Repeat the entries. Each one must match exactly.

##### INFORMATION PROVIDED #####

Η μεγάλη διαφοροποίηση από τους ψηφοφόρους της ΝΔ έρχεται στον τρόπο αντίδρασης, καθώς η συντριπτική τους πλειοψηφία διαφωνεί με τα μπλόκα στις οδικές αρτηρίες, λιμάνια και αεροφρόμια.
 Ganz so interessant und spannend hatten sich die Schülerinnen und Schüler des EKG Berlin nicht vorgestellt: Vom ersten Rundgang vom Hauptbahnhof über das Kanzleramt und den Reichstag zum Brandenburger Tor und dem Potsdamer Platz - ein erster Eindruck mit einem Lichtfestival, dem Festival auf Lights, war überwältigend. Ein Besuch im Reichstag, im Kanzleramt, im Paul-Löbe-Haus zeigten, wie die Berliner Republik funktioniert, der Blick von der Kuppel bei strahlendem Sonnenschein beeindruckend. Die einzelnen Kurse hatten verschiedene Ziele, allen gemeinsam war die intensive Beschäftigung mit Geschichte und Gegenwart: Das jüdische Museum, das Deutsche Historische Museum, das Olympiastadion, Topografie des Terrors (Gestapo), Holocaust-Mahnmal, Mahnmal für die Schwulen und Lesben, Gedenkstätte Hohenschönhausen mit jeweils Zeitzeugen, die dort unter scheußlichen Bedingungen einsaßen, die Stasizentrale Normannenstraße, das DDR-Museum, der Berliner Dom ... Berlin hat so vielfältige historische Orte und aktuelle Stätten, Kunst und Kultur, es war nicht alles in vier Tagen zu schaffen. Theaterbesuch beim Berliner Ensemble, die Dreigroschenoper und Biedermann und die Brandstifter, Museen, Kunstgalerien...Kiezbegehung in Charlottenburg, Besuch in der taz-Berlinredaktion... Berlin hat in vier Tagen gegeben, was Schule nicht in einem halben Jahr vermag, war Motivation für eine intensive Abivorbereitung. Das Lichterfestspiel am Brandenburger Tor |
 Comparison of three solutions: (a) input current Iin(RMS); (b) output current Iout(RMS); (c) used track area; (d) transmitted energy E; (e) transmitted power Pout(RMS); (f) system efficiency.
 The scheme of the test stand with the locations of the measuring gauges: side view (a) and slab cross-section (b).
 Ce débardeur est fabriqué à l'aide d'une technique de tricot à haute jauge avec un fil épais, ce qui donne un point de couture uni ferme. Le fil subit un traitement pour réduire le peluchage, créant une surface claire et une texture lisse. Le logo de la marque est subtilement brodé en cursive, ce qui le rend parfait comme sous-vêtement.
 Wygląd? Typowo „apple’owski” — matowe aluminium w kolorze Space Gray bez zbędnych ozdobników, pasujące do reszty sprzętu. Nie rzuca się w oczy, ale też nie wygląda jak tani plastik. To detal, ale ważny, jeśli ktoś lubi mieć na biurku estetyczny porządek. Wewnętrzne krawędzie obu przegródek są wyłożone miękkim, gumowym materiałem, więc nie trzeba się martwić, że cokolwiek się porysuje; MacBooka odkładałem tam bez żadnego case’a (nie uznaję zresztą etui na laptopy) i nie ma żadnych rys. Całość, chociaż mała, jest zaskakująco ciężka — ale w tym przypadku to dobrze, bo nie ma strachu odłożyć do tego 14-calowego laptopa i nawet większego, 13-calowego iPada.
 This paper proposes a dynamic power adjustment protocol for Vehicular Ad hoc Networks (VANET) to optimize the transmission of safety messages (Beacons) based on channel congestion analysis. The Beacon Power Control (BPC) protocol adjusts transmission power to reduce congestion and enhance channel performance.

#####

● **TASK ANSWER**
Η μεγάλη διαφοροποίηση από τους ψηφοφόρους της ΝΔ έρχεται στον τρόπο αντίδρασης, καθώς η συντριπτική τους πλειοψηφία διαφωνεί με τα μπλόκα στις οδικές αρτηρίες, λιμάνια και αεροφρόμια.
 Ganz so interessant und spannend hatten sich die Schülerinnen und Schüler des EKG Berlin nicht vorgestellt: Vom ersten Rundgang vom Hauptbahnhof über das Kanzleramt und den Reichstag zum Brandenburger Tor und dem Potsdamer Platz - ein erster Eindruck mit einem Lichtfestival, dem Festival auf Lights, war überwältigend. Ein Besuch im Reichstag, im Kanzleramt, im Paul-Löbe-Haus zeigten, wie die Berliner Republik funktioniert, der Blick von der Kuppel bei strahlendem Sonnenschein beeindruckend. Die einzelnen Kurse hatten verschiedene Ziele, allen gemeinsam war die intensive Beschäftigung mit Geschichte und Gegenwart: Das jüdische Museum, das Deutsche Historische Museum, das Olympiastadion, Topografie des Terrors (Gestapo), Holocaust-Mahnmal, Mahnmal für die Schwulen und Lesben, Gedenkstätte Hohenschönhausen mit jeweils Zeitzeugen, die dort unter scheußlichen Bedingungen einsaßen, die Stasizentrale Normannenstraße, das DDR-Museum, der Berliner Dom ... Berlin hat so vielfältige historische Orte und aktuelle Stätten, Kunst und Kultur, es war nicht alles in vier Tagen zu schaffen. Theaterbesuch beim Berliner Ensemble, die Dreigroschenoper und Biedermann und die Brandstifter, Museen, Kunstgalerien...Kiezbegehung in Charlottenburg, Besuch in der taz-Berlinredaktion... Berlin hat in vier Tagen gegeben, was Schule nicht in einem halben Jahr vermag, war Motivation für eine intensive Abivorbereitung. Das Lichterfestspiel am Brandenburger Tor |
 Comparison of three solutions: (a) input current Iin(RMS); (b) output current Iout(RMS); (c) used track area; (d) transmitted energy E; (e) transmitted power Pout(RMS); (f) system efficiency.
 The scheme of the test stand with the locations of the measuring gauges: side view (a) and slab cross-section (b).
 Ce débardeur est fabriqué à l'aide d'une technique de tricot à haute jauge avec un fil épais, ce qui donne un point de couture uni ferme. Le fil subit un traitement pour réduire le peluchage, créant une surface claire et une texture lisse. Le logo de la marque est subtilement brodé en cursive, ce qui le rend parfait comme sous-vêtement.
 Wygląd? Typowo „apple’owski” — matowe aluminium w kolorze Space Gray bez zbędnych ozdobników, pasujące do reszty sprzętu. Nie rzuca się w oczy, ale też nie wygląda jak tani plastik. To detal, ale ważny, jeśli ktoś lubi mieć na biurku estetyczny porządek. Wewnętrzne krawędzie obu przegródek są wyłożone miękkim, gumowym materiałem, więc nie trzeba się martwić, że cokolwiek się porysuje; MacBooka odkładałem tam bez żadnego case’a (nie uznaję zresztą etui na laptopy) i nie ma żadnych rys. Całość, chociaż mała, jest zaskakująco ciężka — ale w tym przypadku to dobrze, bo nie ma strachu odłożyć do tego 14-calowego laptopa i nawet większego, 13-calowego iPada.
 This paper proposes a dynamic power adjustment protocol for Vehicular Ad hoc Networks (VANET) to optimize the transmission of safety messages (Beacons) based on channel congestion analysis. The Beacon Power Control (BPC) protocol adjusts transmission power to reduce congestion and enhance channel performance.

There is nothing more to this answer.